Source material ▸
○ ○ ○ ○ ○

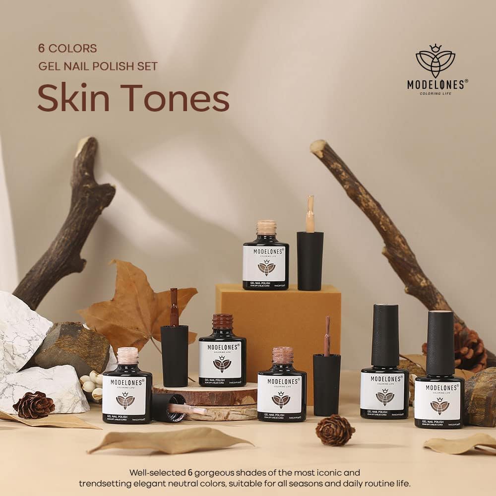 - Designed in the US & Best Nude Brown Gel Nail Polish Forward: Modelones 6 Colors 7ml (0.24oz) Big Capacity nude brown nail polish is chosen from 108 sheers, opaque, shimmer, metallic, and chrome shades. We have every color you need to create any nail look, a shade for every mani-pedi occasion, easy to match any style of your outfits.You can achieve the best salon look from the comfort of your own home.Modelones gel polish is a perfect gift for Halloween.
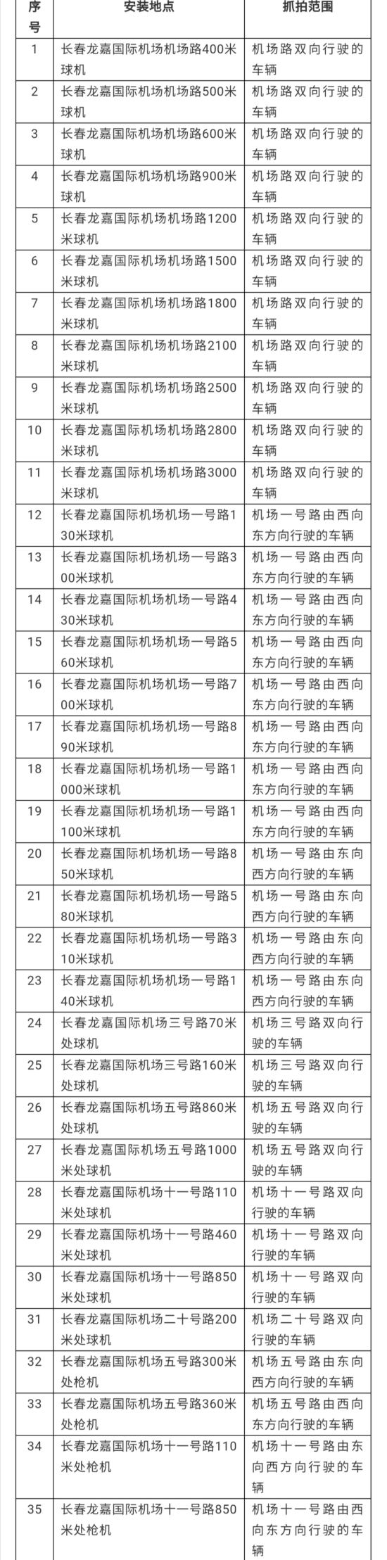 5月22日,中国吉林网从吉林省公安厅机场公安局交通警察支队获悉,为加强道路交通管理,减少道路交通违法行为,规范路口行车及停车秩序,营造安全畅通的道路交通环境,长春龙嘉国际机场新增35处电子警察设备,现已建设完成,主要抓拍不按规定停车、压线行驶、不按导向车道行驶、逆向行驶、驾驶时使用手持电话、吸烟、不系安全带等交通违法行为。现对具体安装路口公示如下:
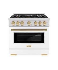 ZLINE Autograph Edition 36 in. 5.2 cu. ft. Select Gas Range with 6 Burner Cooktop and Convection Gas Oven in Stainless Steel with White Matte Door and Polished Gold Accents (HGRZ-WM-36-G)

○ ○ ○ ○ ○

Aim of the exercise ▸
Above is a listing with pictures. Write it out exactly without them.

Task answer ▸
 - Designed in the US & Best Nude Brown Gel Nail Polish Forward: Modelones 6 Colors 7ml (0.24oz) Big Capacity nude brown nail polish is chosen from 108 sheers, opaque, shimmer, metallic, and chrome shades. We have every color you need to create any nail look, a shade for every mani-pedi occasion, easy to match any style of your outfits.You can achieve the best salon look from the comfort of your own home.Modelones gel polish is a perfect gift for Halloween.
 5月22日,中国吉林网从吉林省公安厅机场公安局交通警察支队获悉,为加强道路交通管理,减少道路交通违法行为,规范路口行车及停车秩序,营造安全畅通的道路交通环境,长春龙嘉国际机场新增35处电子警察设备,现已建设完成,主要抓拍不按规定停车、压线行驶、不按导向车道行驶、逆向行驶、驾驶时使用手持电话、吸烟、不系安全带等交通违法行为。现对具体安装路口公示如下:
 ZLINE Autograph Edition 36 in. 5.2 cu. ft. Select Gas Range with 6 Burner Cooktop and Convection Gas Oven in Stainless Steel with White Matte Door and Polished Gold Accents (HGRZ-WM-36-G)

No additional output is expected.